Ashtavakra said: One with purified intelligence becomes enlightened and fulfilled when properly instructed by a Knower. The other, even if a life-long seeker, remains deluded in the matter.
Spiritual seeking and pursuit are focussed on the intelligence of the seeker. They first purify the mind and sharpen the intelligence. Hearing and reading the spiritual exposition enrich and refine the inner personality, which comprehends the Self, the supreme Truth. Then follows the real transformation.
Though interactions are seemingly with objects outside, they take place inside the body, not outside. All are a creation of the mind alone. Mind initiates interactions, sustains and also terminates them. Despite this fact, the Self appears to be covered by object-imprints. Imprints are mental floats, hence subjective, the Subject’s alone. But this truth does not come to light.
When the mind is pure, it grows lighter and lighter, and to that extent, the Self’s radiance becomes clear, pronounced. The object impressions lose their density and distinction. Instead of the objects shining in the mind, the seeker feels it is the mind that shines.
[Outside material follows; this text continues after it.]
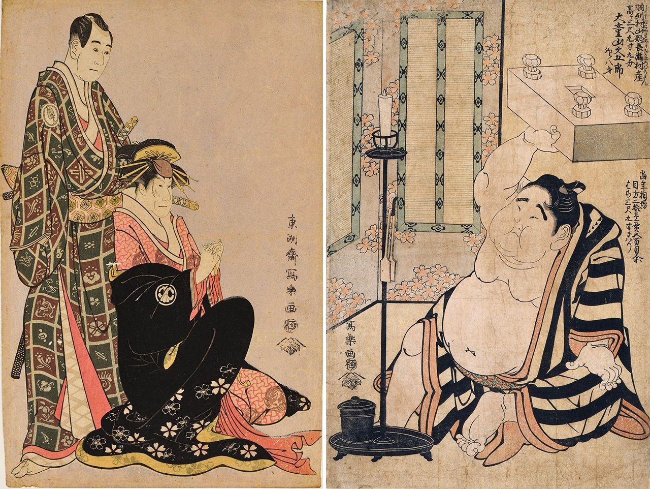 Слева – «Савамура Содзюро III в роли Нагоя Сандза и Сэгава Кикунодзё III в роли красавицы Кацураги». Справа – гравюра «Дайдодзан Бунгоро поднимает доску для игры в го» изображает популярного борца сумо, это более поздняя работа Сяраку (источник изображений: ColBase)

The Self begins to overwhelm the mind imprints. The mind becomes more a sattva, pure presence, than the object-reflecting medium. Any instruction on true spiritual wisdom and its acme is instantly assimilated by the seeker. Soon he becomes enlightened. The process is easy.
On the other hand, when the mind is not pure, seeking may continue for a whole lifetime. Yet the delusion will not have left. So citta becoming sattva (mind getting purified) is most important.
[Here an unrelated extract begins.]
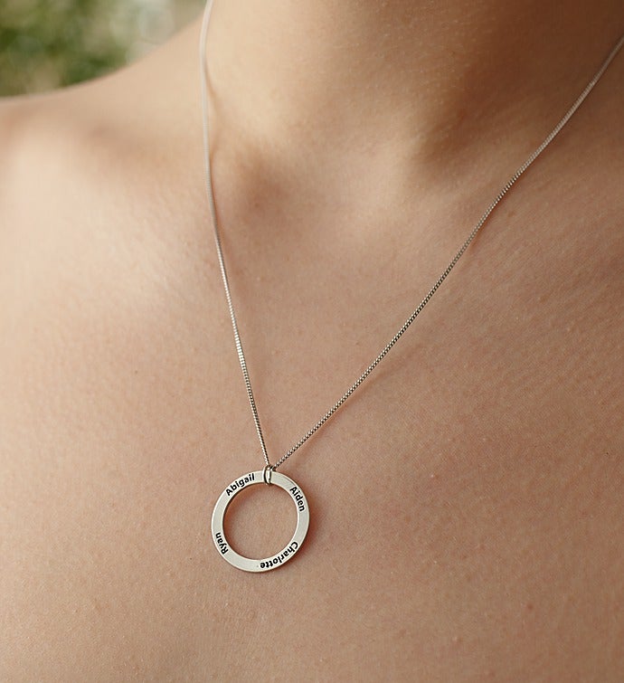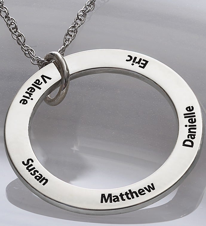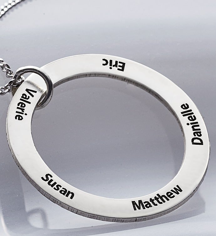 Celebrate those special family members with our unique circle necklace, which represents the unbreakable bonds between parents and children, siblings or any close relationship. Personalize the pendant with up to 5 names to touch their heart and keep them close to yours! It arrives in a hinged keepsake box, making it a one-of-a-kind gift for parents, grandparents or any branches of your family tree.

That is how sādhana-catuṣṭayam, a set of four qualifications is prescribed for the true seeker, right from the beginning. Viveka, the first quality, is skill of discriminating the eternal from the fleeting. This quality instils dispassion, vairāgya. The seeker feels that as the entire world objects are fleeting, he cannot have lasting contentment from them. So the mind spurns them.
There should be a strong yearning for liberation, freedom from the shackles the mind and intelligence suffer from.
In addition are the set of six disciplines: These are as śama, regulating desires; dama, regulation of senses; titikṣā, forbearance of the alternating sukha-duḥkhas arising from contacts with sense-object. Uparati, the habit of withdrawing the senses and making them restful in their own centres; śraddhā, assiduous application of the mind to the task in hand; samādhāna, engaging the mind wholesomely on the supreme Reality, the Lord, leaving all contrary thoughts and refuges.
All these are meant to act on the mind and intelligence, making them purer, until at last they become full sattva, the pure being.
When the sattva state is reached, words of wisdom from Guru and śāstras sink into the seeker fast. Unhesitatingly he absorbs them; and instantly follow the desired spiritual sublimation and enrichment. Delay in any case is only in transforming the citta into sattva. Remember the description ‘sattva-buddhimān’.